[Extracted data entries]
━━━━━━━━━━━━━━━━━━━━━━━━━━━━━━

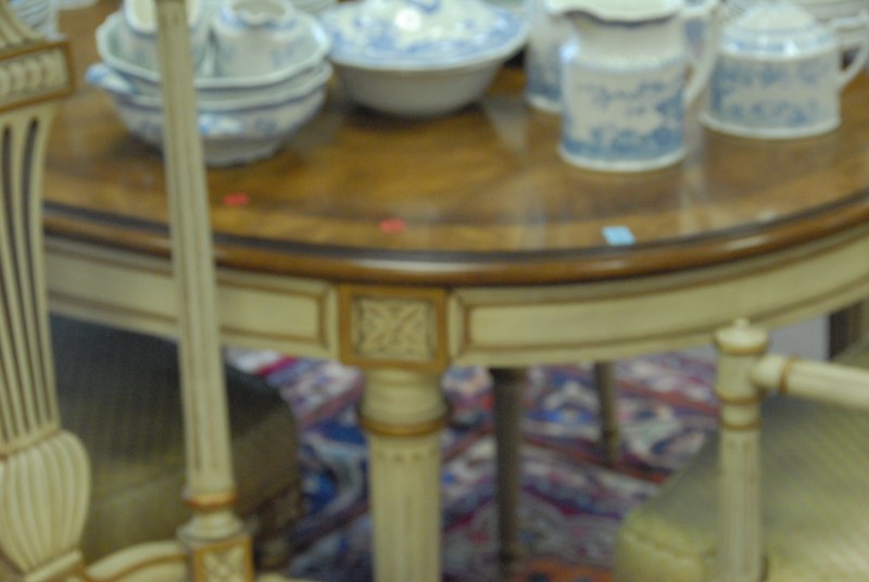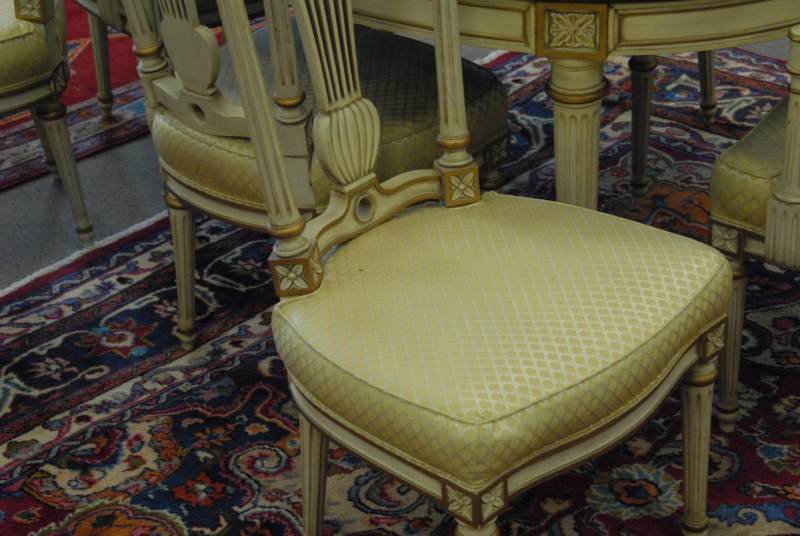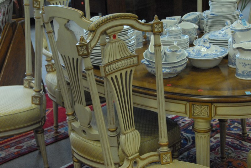 Karges Furniture Company dining set with oval table and 6 chairs.
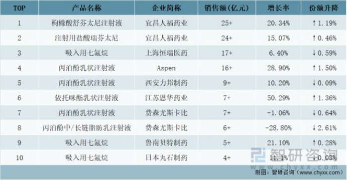 2021年全身麻醉剂TOP10品牌
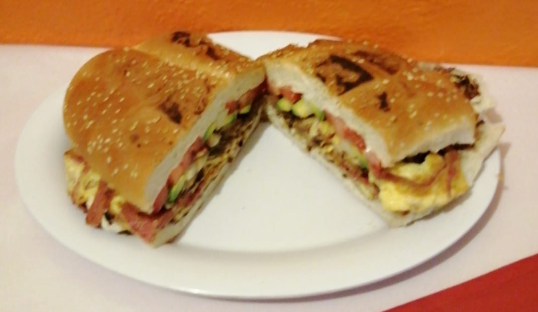 Mayonesa frijol jitomate jamón queso aguacate y cebolla
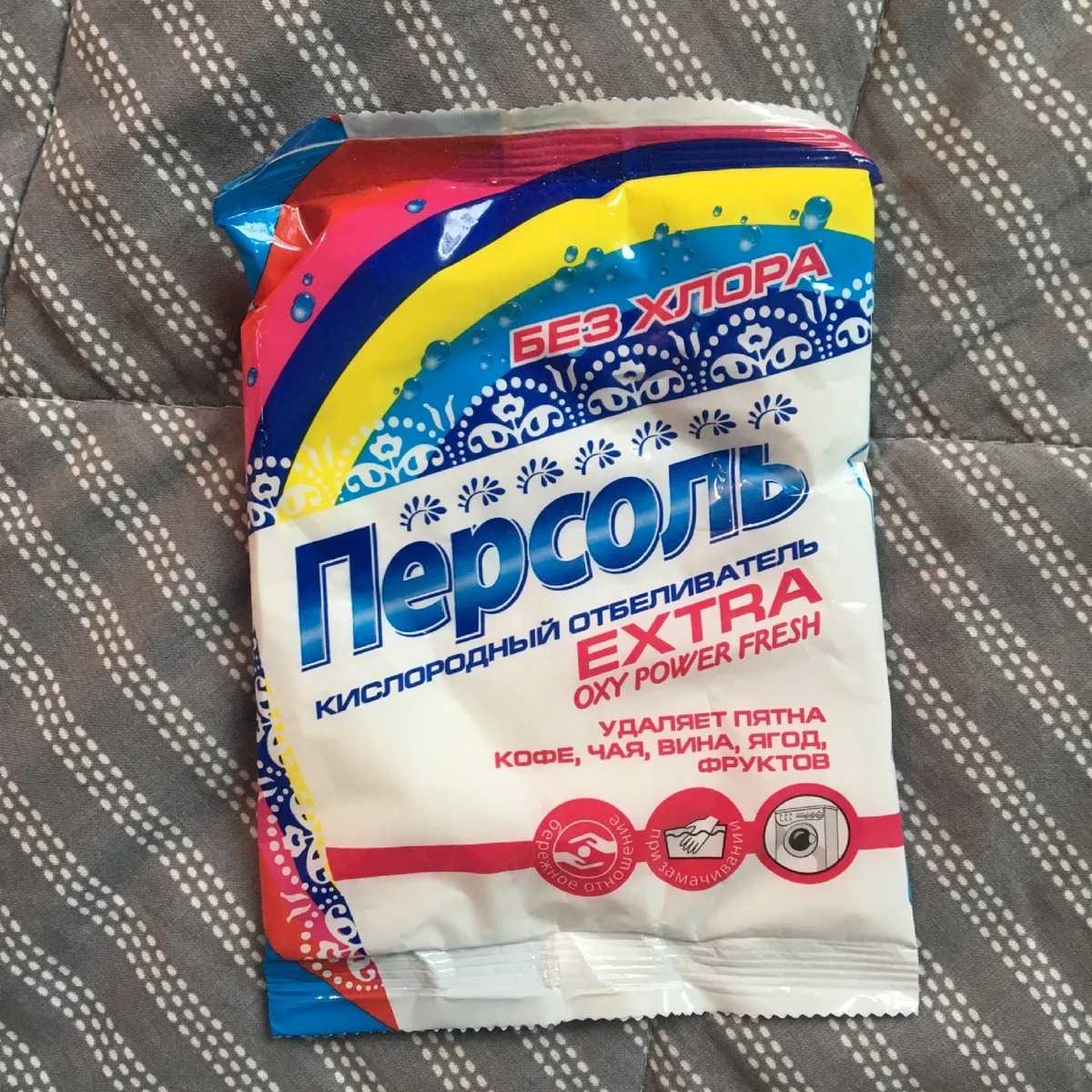 Это порошок, содержащий хлор. Дополнительные компоненты бережно относятся к структуре ткани, действуют не так агрессивно, как «Белизна». Порошок разбавляют до однородного состояния, наносят на пятна, выжидают 5 ч., затем стирают.
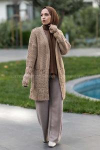 Modalamelif Kol Ve Sırt Detaylı Triko Hırka Bej
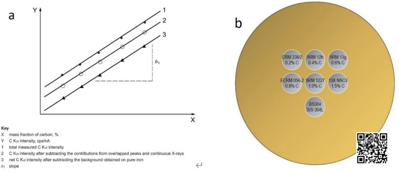 ISO 16592-2012 Microbeam analysis-Electron probe micro analysis-Guidelines for determining the carbon content of steels using a caliberation curve method中给出了波谱法测量钢中碳含量的方法,即校准曲线法。图5(a)为利用系列含碳标样建立碳质量百分含量与C Kα强度的校准曲线。如图中曲线1,只需获得待测样的C Kα强度,便可获知相应的碳的百分含量。由此可知,高质量的微束分析系列含碳标样显得尤为关键,牛津仪器为此从美国Micro-Analysis Consultants Ltd公司定制了碳含量从0.018%至1.429%的7个含碳标样,详情见图5(b)右下角二维码及网址。
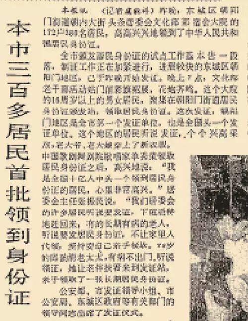 北京全面颁发居民身份证是在1984年10月,不过,当年5月起,东城区朝阳门、原宣武区天桥、朝阳区八里庄、原顺义县杨镇地区先期进行了试点。1984年8月30日晚,东城区朝阳门街道朝内大街头条居委会文化部宿舍大院的172户380名居民领到了中华人民共和国居民身份证。当天,他们个个兴高采烈,老大爷、老大娘穿上了新衣服,如同过年一般喜庆。(1984年8月31日《北京日报》1版,《本市三百多居民首批领到身份证》)
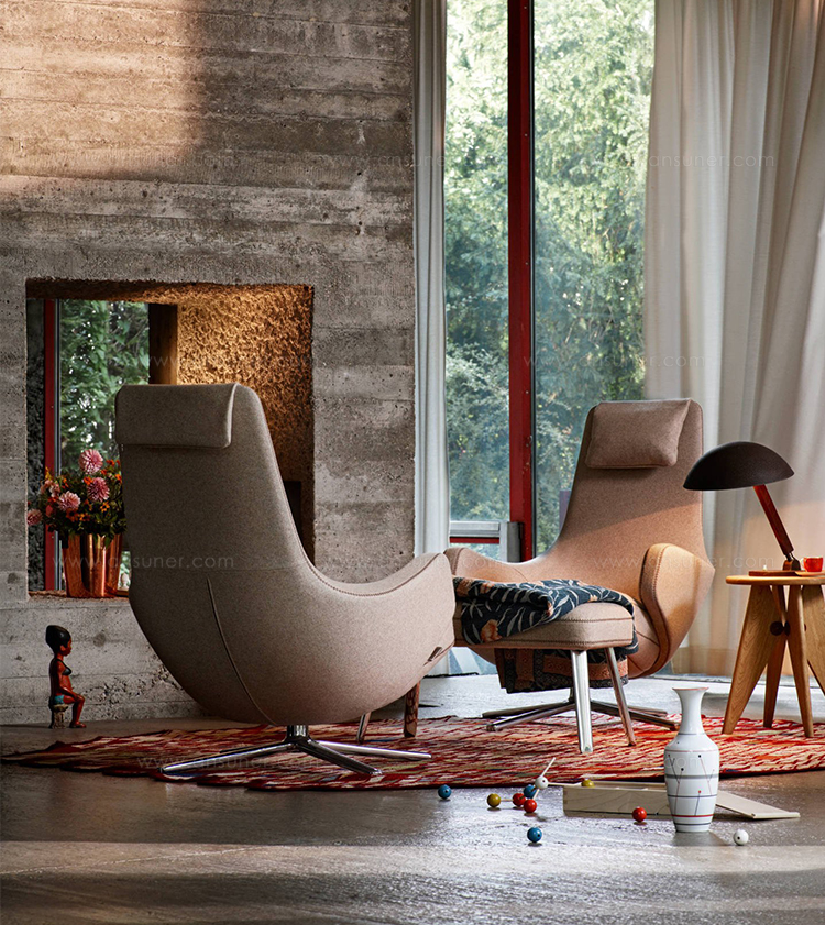 "repos lounge chair and ottoman(repos休闲椅&脚踏)由设计大师Antonio Citterio所设计。repos系列休闲椅采用钢制铝合金脚架、聚氨酯海绵填充、高级布艺扪面,可随意调整坐姿和高度,也可以放平躺,配上舒适的羽毛衬垫,无论阅读或者休憩,都非常舒服,符合人体工学,高档舒适,是办公,会议的理想选择。意大利设计师和建筑师 Antonio Citterio赋予了这边椅子永恒的优雅气质与无与伦比的舒适,是当代设计的经典,无论用在办公、商业、家庭都是非常高贵大气的。
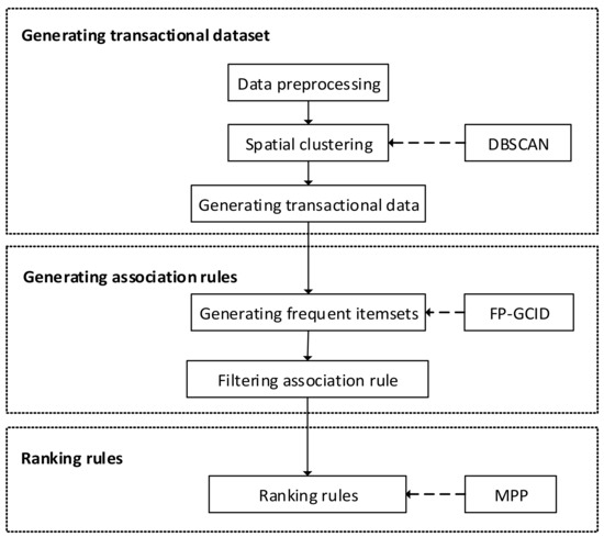 The experiment is divided into three phases (Figure 3). The first phase is used to generate the transactional dataset, which forms the basis for the experiment. This phase includes two sub-phases: preprocessing and spatial clustering. ARs are generated in the second phase by the FP-GCID algorithm, which is an improved version of the FP-Growth algorithm. Minimum confidence is used to filter uninteresting rules. The third phase is used to measure interestingness rules via the MPP approach.

━━━━━━━━━━━━━━━━━━━━━━━━━━━━━━

Problem to solve =
Retype every entry exactly as written. Leave the pictures out.

Problem solution =
 Karges Furniture Company dining set with oval table and 6 chairs.
 2021年全身麻醉剂TOP10品牌
 Mayonesa frijol jitomate jamón queso aguacate y cebolla
 Это порошок, содержащий хлор. Дополнительные компоненты бережно относятся к структуре ткани, действуют не так агрессивно, как «Белизна». Порошок разбавляют до однородного состояния, наносят на пятна, выжидают 5 ч., затем стирают.
 Modalamelif Kol Ve Sırt Detaylı Triko Hırka Bej
 ISO 16592-2012 Microbeam analysis-Electron probe micro analysis-Guidelines for determining the carbon content of steels using a caliberation curve method中给出了波谱法测量钢中碳含量的方法,即校准曲线法。图5(a)为利用系列含碳标样建立碳质量百分含量与C Kα强度的校准曲线。如图中曲线1,只需获得待测样的C Kα强度,便可获知相应的碳的百分含量。由此可知,高质量的微束分析系列含碳标样显得尤为关键,牛津仪器为此从美国Micro-Analysis Consultants Ltd公司定制了碳含量从0.018%至1.429%的7个含碳标样,详情见图5(b)右下角二维码及网址。
 北京全面颁发居民身份证是在1984年10月,不过,当年5月起,东城区朝阳门、原宣武区天桥、朝阳区八里庄、原顺义县杨镇地区先期进行了试点。1984年8月30日晚,东城区朝阳门街道朝内大街头条居委会文化部宿舍大院的172户380名居民领到了中华人民共和国居民身份证。当天,他们个个兴高采烈,老大爷、老大娘穿上了新衣服,如同过年一般喜庆。(1984年8月31日《北京日报》1版,《本市三百多居民首批领到身份证》)
 "repos lounge chair and ottoman(repos休闲椅&脚踏)由设计大师Antonio Citterio所设计。repos系列休闲椅采用钢制铝合金脚架、聚氨酯海绵填充、高级布艺扪面,可随意调整坐姿和高度,也可以放平躺,配上舒适的羽毛衬垫,无论阅读或者休憩,都非常舒服,符合人体工学,高档舒适,是办公,会议的理想选择。意大利设计师和建筑师 Antonio Citterio赋予了这边椅子永恒的优雅气质与无与伦比的舒适,是当代设计的经典,无论用在办公、商业、家庭都是非常高贵大气的。
 The experiment is divided into three phases (Figure 3). The first phase is used to generate the transactional dataset, which forms the basis for the experiment. This phase includes two sub-phases: preprocessing and spatial clustering. ARs are generated in the second phase by the FP-GCID algorithm, which is an improved version of the FP-Growth algorithm. Minimum confidence is used to filter uninteresting rules. The third phase is used to measure interestingness rules via the MPP approach.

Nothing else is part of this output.